Soixante-dix évadés à Watsa le 17 juillet, douze à Lubumbashi le 23. Depuis janvier, au moins six évasions dans cinq provinces en paix. Ce qui cède n’est presque jamais le mur, et aucun décompte national n’est publié.

Watsa, Boende, Idiofa, Lubumbashi : six évasions depuis janvier, et ce qu’elles ont en commun
AFP

La Rédaction
Kinshasa - 31 JUILLET 2026 - 17:17 WAT · 8 min de lecture

Le vendredi 17 juillet 2026, vers 16 heures, soixante-dix détenus ont quitté la prison centrale de Watsa, dans le Haut-Uele. Ils n’ont pas creusé, ils n’ont pas scié. Selon les informations rapportées par la société civile locale, ils ont attendu que le portail principal s’ouvre pour les visiteurs, neutralisé un agent pénitentiaire, et marché dehors. Une quinzaine d’entre eux purgeaient des peines pour détention ou utilisation illégale d’armes. L’établissement venait d’être réhabilité sur financement du gouvernement provincial, avec parmi les objectifs affichés le renforcement de sa sécurité.
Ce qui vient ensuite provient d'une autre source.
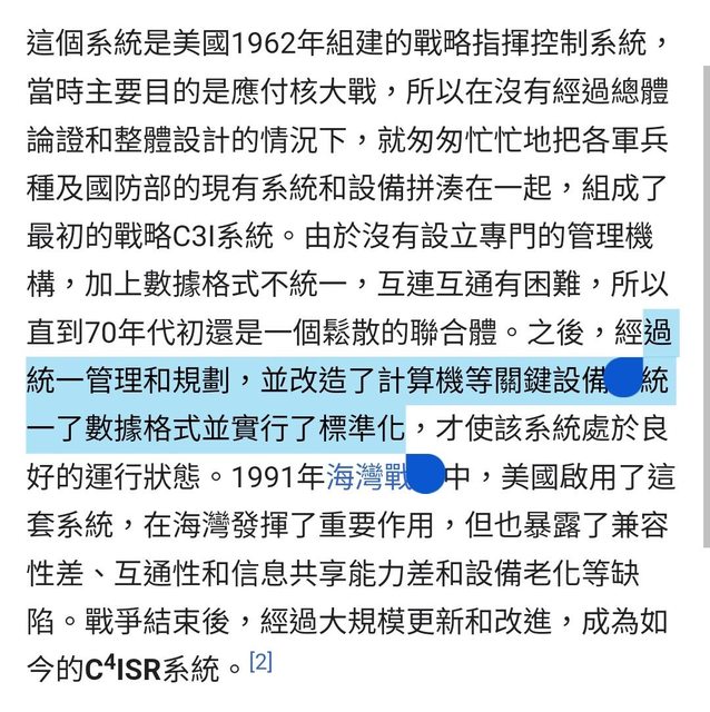 → ejsizmmy : 老一點的文章就有提到三軍本身就有C4ISR系統,不是 02/16 13:56
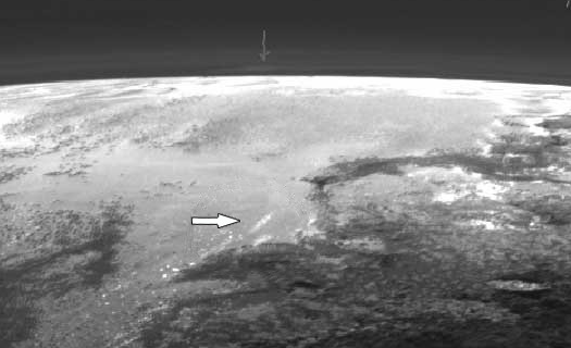 Nasan New Horizons -luotain on saattanut kuvata Pluton jäisen pinnan yllä leijuvia pilviä.
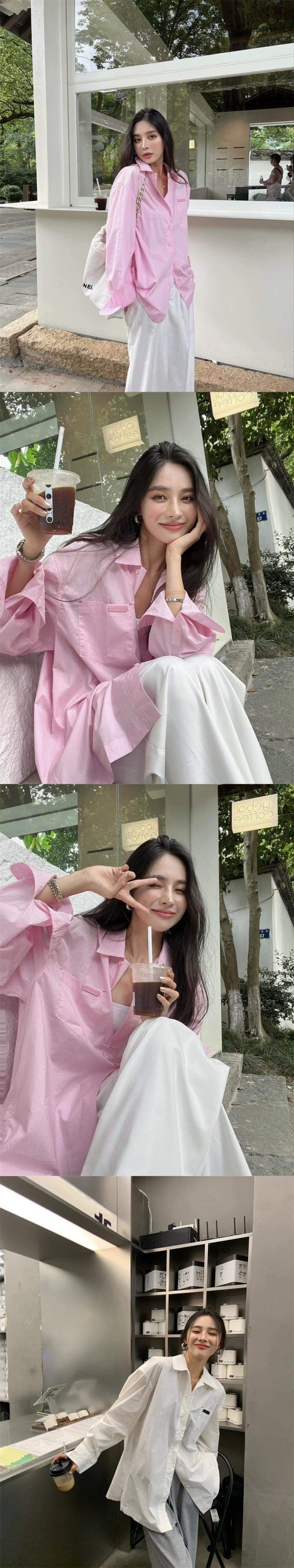 色:ピンクのシャツ,白のシャツ

Le 29 juillet 2025, quinze détenus s’étaient déjà évadés de cette même prison, construite dans les années 1930, en perçant un mur d’enceinte. Un seul policier assurait alors la garde. Les habitants réclamaient à l’époque la mise en service de la nouvelle prison de Watsa, achevée mais restée inutilisée. Douze mois plus tard, dans un établissement rénové, ils sont soixante-dix à sortir par la porte.

Six épisodes, cinq provinces, sept mois

Watsa n’est pas un cas isolé, et le recensement des évasions rapportées par la presse congolaise depuis janvier 2026 dessine une géographie qui n’a rien d’oriental.

Dans la nuit du 25 au 26 janvier, à la prison d’Osio, dans la commune de Lubunga à Kisangani, six détenus condamnés à la peine capitale ont été abattus par les sentinelles après avoir ouvert une brèche dans un mur. « Ils ont réussi à ouvrir une brèche dans le mur et à s’extraire de l’enceinte. Les sentinelles militaires ont alors ouvert le feu pour stopper leur fuite », rapportait le bourgmestre de Lubunga, Baudouin Kayongo Bulaya.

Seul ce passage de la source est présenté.